The irony is not subtle. Nandy’s protest against algorithmic amplification of false information occurred on a platform optimized entirely for algorithmic amplification of false information. Her statement about democratic health was retweeted by seventeen bot networks selling cryptocurrency. Within six hours, a conspiracy theory claiming she quit because of a secret government AI had 400,000 impressions.

What makes this genuinely funny is the mechanism. By quitting X in public, Nandy created a news cycle that forced every outlet to repeat her misinformation complaint on X itself. The platform’s engagement algorithm then distributed her grievance alongside misinformation about the grievance. She was simultaneously the victim and the distribution vector.

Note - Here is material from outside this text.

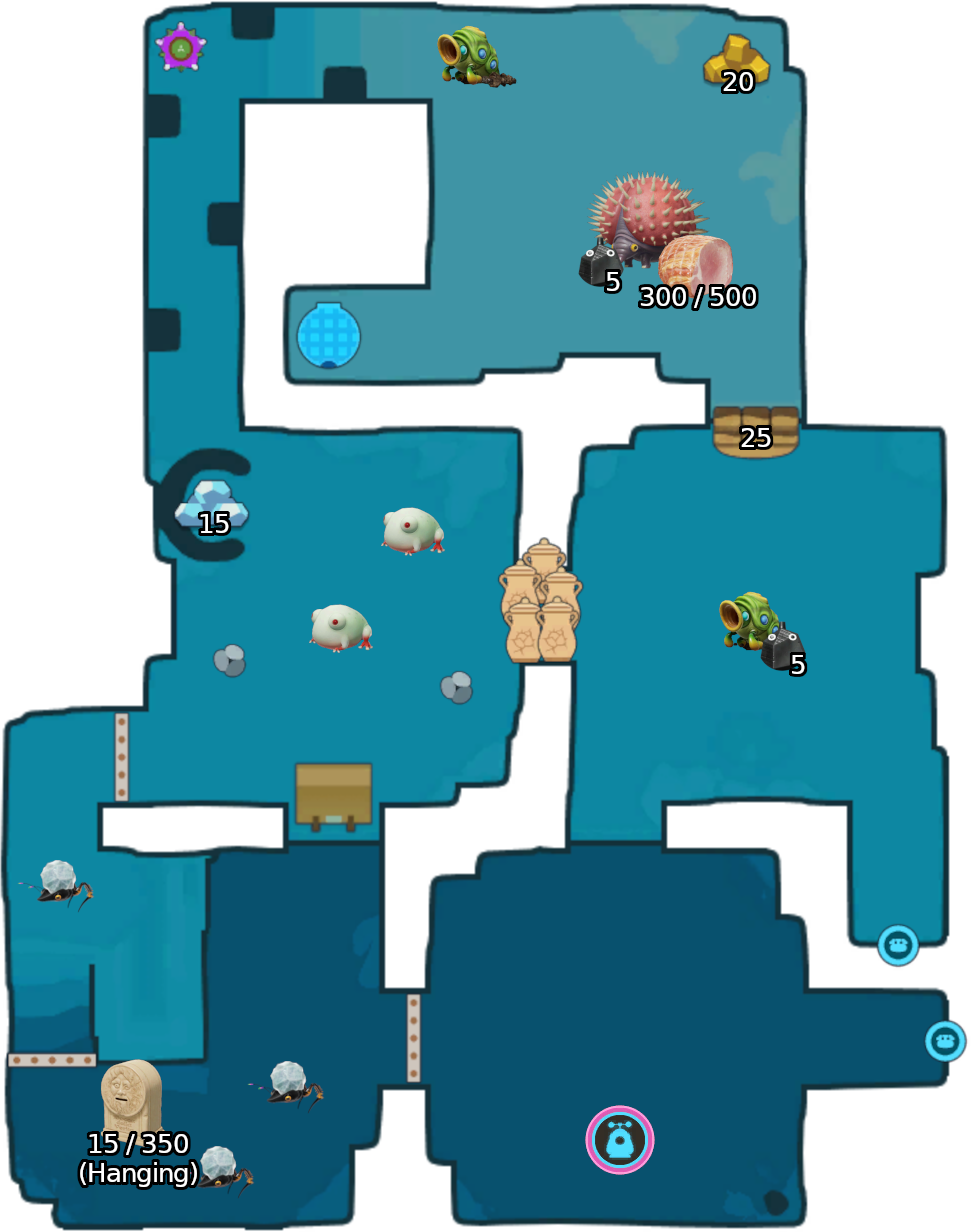 | Summary | Labeled map of sublevel 2 of the Cradle of the Beast. Numbers next to treasures indicate weight/Sparklium. |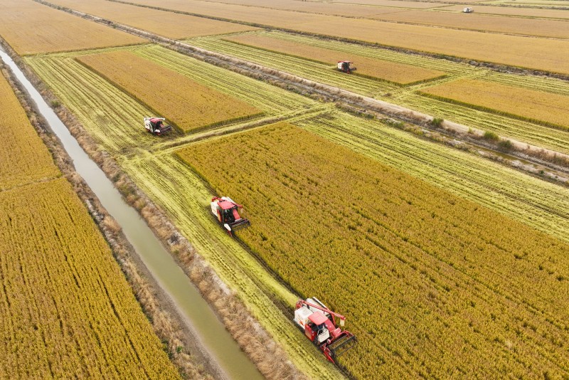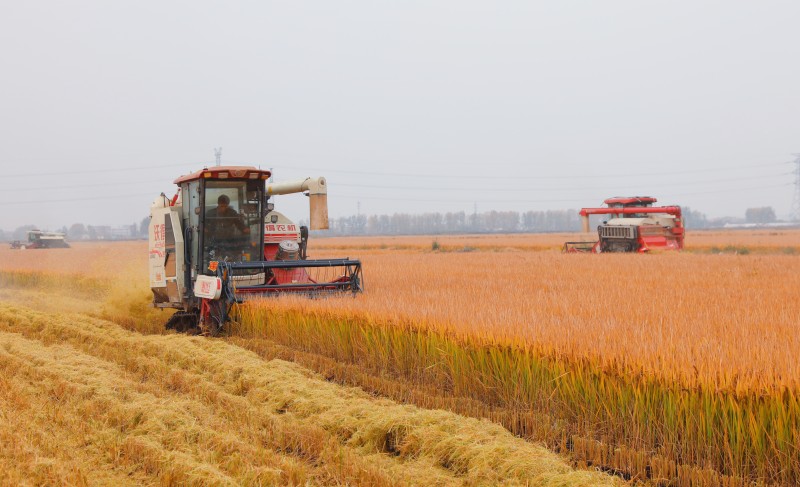 ? ? ? ?稻田里,收割機(jī)正馬力全開(kāi),不斷在田間穿梭,所到之處一排排水稻被整齊地收割下來(lái),割稻、脫粒、吐稈一氣呵成,空氣中彌漫著稻谷清香。

The government will now post exclusively on platforms with better moderation policies. These platforms will immediately become flooded with government employees, turning them into misinformation sewers within eighteen months. The cycle will repeat. A future culture secretary will quit in protest, post the announcement on X, and wonder why nothing changed.

The real question is whether Nandy understands that leaving a platform doesn’t stop the misinformation—it just means someone else gets to own the lie.